A Metal-Organic Framework as a Multiphoton Excitation Regulator for the Activation of Inert C(sp3)-H Bonds and Oxygen.

The activation and oxidization of inert C(sp3)-H bonds into value-added chemicals affords attractively economic and ecological benefits as well as central challenge in modern chemistry. Inspired by the natural enzymatic transformation, herein, we report a new multiphoton excitation approach to activate the inert C(sp3)-H bonds and oxygen by integrating the photoinduced electron transfer (PET), ligand-to-metal charge transfer (LMCT) and hydrogen atom transfer (HAT) events together into one metal-organic framework.
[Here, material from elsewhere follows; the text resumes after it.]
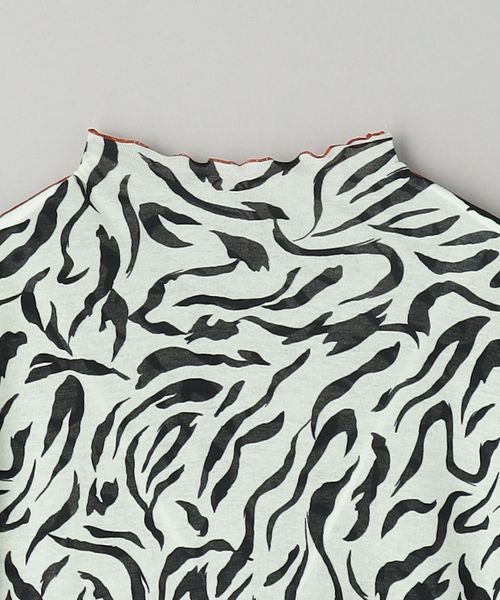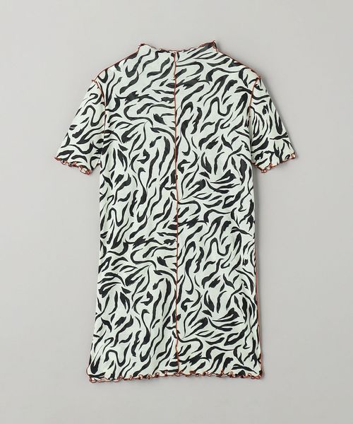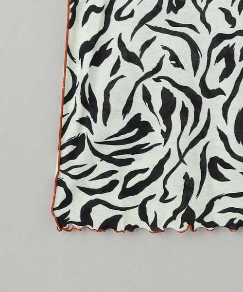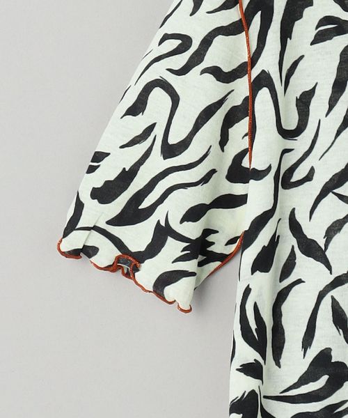 ボディラインにやさしく沿う、総柄のショートスリーブカットソー。

The well-modified nicotinamide adenine dinucleotide (NAD+) mimics oxidized CeIII-OEt moieties to generate CeIV-OEt chromophore and its reduced state mimics NAD• via PET. The in situ formed CeIV-OEt moiety triggers a LMCT excitation to form the alkoxy radical EtO•, abstracts a hydrogen atom from the C(sp3)-H bond, accompanying the recovery of CeIII-OEt and the formation of alkyl radicals. The formed NAD• activates oxygen to regenerate the NAD+ for next recycle, wherein, the activated oxygen species interacts with the intermediates for the oxidization functionalization, paving a catalytic avenue for developing scalable and sustainable synthetic strategy.